Были въ этой передней свои законы, нравы и привычки.
Поутру всѣ сидѣли съ ногами на ларяхъ, спала одна треть. Дворецкій Родивонъ читалъ у окна псалтырь; обучившіеся портному и сапожному ремеслу открывали свои мастерскія, не стѣсняясь пріѣздомъ гостей. Любители предавались игрѣ въ мамки и куренію самкроше и лучшаго вакштафа. Послѣ обѣда спали двѣ трети, остальные расходились — кто въ музыкантскую, кто въ кухню; оставался какой-нибудь мечтатель и, прислонясь къ горячей печкѣ, грѣлъ свои ладони и мурлыкалъ что-нибудь подъ носъ. Вечеромъ бесѣда оживлялась, являлись музыкальные инструменты, гармоніи, бандуры, мордовскія гусли, рассказывались анекдоты, и потомъ вдругъ все смолкало. Всѣ три трети погружались въ истинно-лакейскій сонъ. На столѣ нагарала девятериковая свѣча — монастырка, какъ называли ее остряки передней, — и красный свѣтъ ея утопалъ въ густомъ, спертомъ воздухѣ.
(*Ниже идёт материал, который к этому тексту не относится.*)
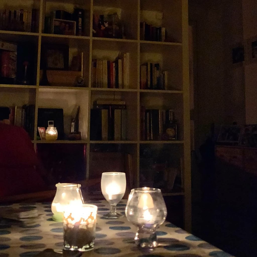 Y mientras yo disfrutaba de la luz de las velas y pensaba que deberíamos instaurar la noche sin luz una vez a la semana. Una noche de juegos de mesa en la penumbra, de conversar o contar cuentos con un té calentando las manos. Una noche sin tele ni consolas ni móviles ni Internet ni nada que no fuera mirarse a los ojos. Lo propuse y me miraron como si estuviera loca. A veces no se acuerdan que crecí en una casa de campo sin luz ni agua corriente. Y fui feliz.
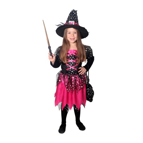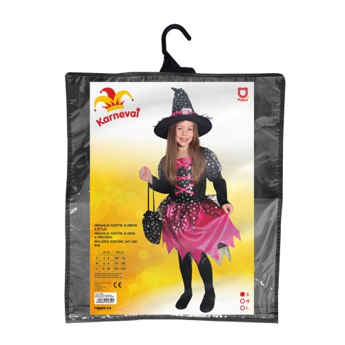 Magický karnevalový kostým pro malé čarodějnice! Kostým černo-růžové barvy ve velikosti S je určen pro holčičky ve věkovém rozmezí 4-6 let (105-116 cm). Šaty jsou dekorovány růžovými stuhami a stříbrnými hvězdičkami. Součástí kostýmu je perfektně sladěný čarodějnický klobouk a taštička. S tímto úchvatným kostýmem se zaručeně staneš hvězdou karnevalu i Halloweenu!
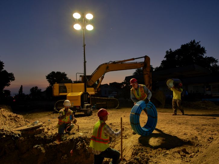 Light towers typically run for extended periods, so the 1,000-hour maintenance interval on the Perkins-powered Night-Lite™ Pro Series will lead to fewer service disruptions during ongoing projects. The towers’ Perkins engines also support up to 50 hours of continuous operation and are designed to minimise operating noise levels.
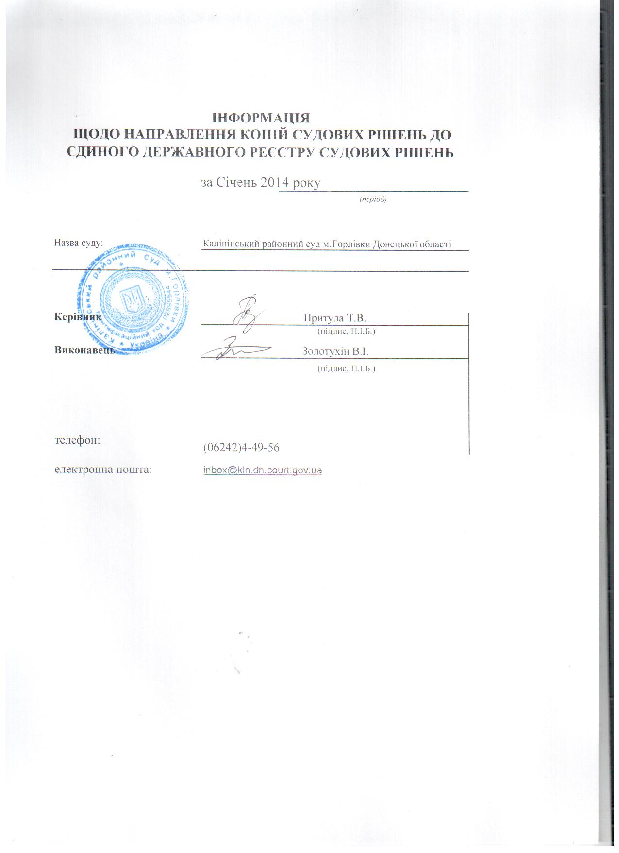 Звіт ЄДРСР Січень 2014

«Зачѣмъ столько дворни? — спрашивалъ себя не разъ барченокъ. — Откуда въ ней это тупое недовольство, почему неловко проходить черезъ эту переднюю?…»
Когда ему случалось провожать своего нѣмецкаго учителя или учителя музыки, онъ видѣлъ, что никто изъ служителей не поднимался съ мѣста, никто и не думалъ подать нѣмцу скромную шинель.
И что-то досадное рождалось на сердцѣ мальчика.
А передняя продолжала жить своего жизнью, и весь домъ состоялъ при ней, былъ безъ нея немыслимъ: но она не отнимала у залы ея обстановки, ея жизни и воспоминаній.
Большая желтая зала смотрѣла угрюмо. Въ задней стѣнѣ были хоры. Они казались, въ сумеркахъ, бездонной пропастью.
Сухо и жестко глядѣли эти желтые стулья и ломберные столы, разставленные въ застывшей симетріи. И цвѣты на окнахъ, и растенія въ горшкахъ — все было тускло и ненарядно. Смѣшно даже было смотрѣть на эту зелень.
«Зачѣмъ она тутъ? Неужели для украшенія?» спрашивалъ себя мальчикъ, ходя взадъ и впередъ по залѣ въ долгіе и зимніе вечера: «Неужели въ этой залѣ бывало весело?»
А мы знаемъ, что тутъ гремѣла когда-то доморощенная музыка, на стѣнахъ горѣли, въ жестяныхъ бра, сальныя свѣчи, и, подъ мазурку Хлопицкаго, бренчали шпоры и разсѣкался воздухъ скачущими парами.
Буфетчикъ Алешка, пресытившись звуками, предавался сладкому сну и обнималъ контрбаса, а мазурка шла себѣ безъ басовыхъ иотъ.
Да то-лн еще бывало!… Оркестръ въ полномъ сборѣ. Собираются играть концертъ, какъ говорятъ старые дворовые музыканты. Начали. Затрубили валторны, заработали скрипки, флейта, какъ водится, зафальшивила, все идетъ прекрасно.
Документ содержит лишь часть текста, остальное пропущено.